I have some strings of roughly 100 characters and I need to detect if each string contains an unicode character. The final purpose is to check if some particular emojis are present, but initially I just want a filter that catches all emojis (as well as potentially other special characters). This method should be fast.
I've seen Python regex matching Unicode properties, but I cannot use any custom packages. I'm using Python 2.7. Thanks!
There is no point is testing 'if a string contains Unicode characters', because all characters in a string are Unicode characters. The Unicode standard encompasses all codepoints that Python supports, including the ASCII range (Unicode codepoints U+0000 through to U+007F).
If you want to test for Emoji code, test for specific ranges, as outlined by the Unicode Emoji class specification:
re.compile( u'[\u231A-\u231B\u2328\u23CF\23E9-\u23F3...\U0001F9C0]', flags=re.UNICODE)
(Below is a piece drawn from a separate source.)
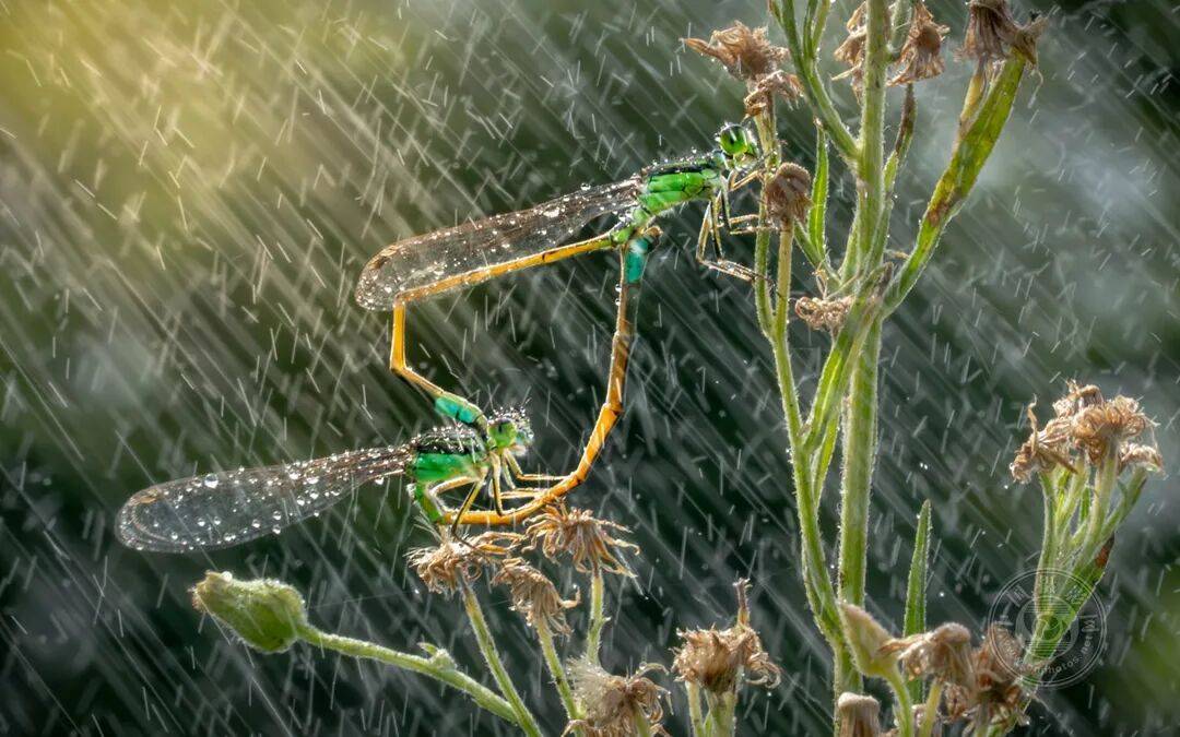 尽管『夏雨』滂沱,这对豆娘仍继续着它们的爱之举。

where you'll have to pick and choose what codepoints you consider to be Emoji. I personally would not include U+0023 NUMBER SIGN in that category for example, but apparently the Unicode standard does.
Note: To be explicit, the above expression is not complete. There are 209 separate entries in the Emoji category and I didn't feel like writing them all out.
Another note: the above uses a
\Uhhhhhhhh wide Unicode escape sequence; its use is only supported in a regex pattern in Python 3.3 and up, or in a wide (UCS-4) build for earlier versions of Python. For a narrow Python build, you'll have to match on surrogate pairs for codepoints over U+FFFF.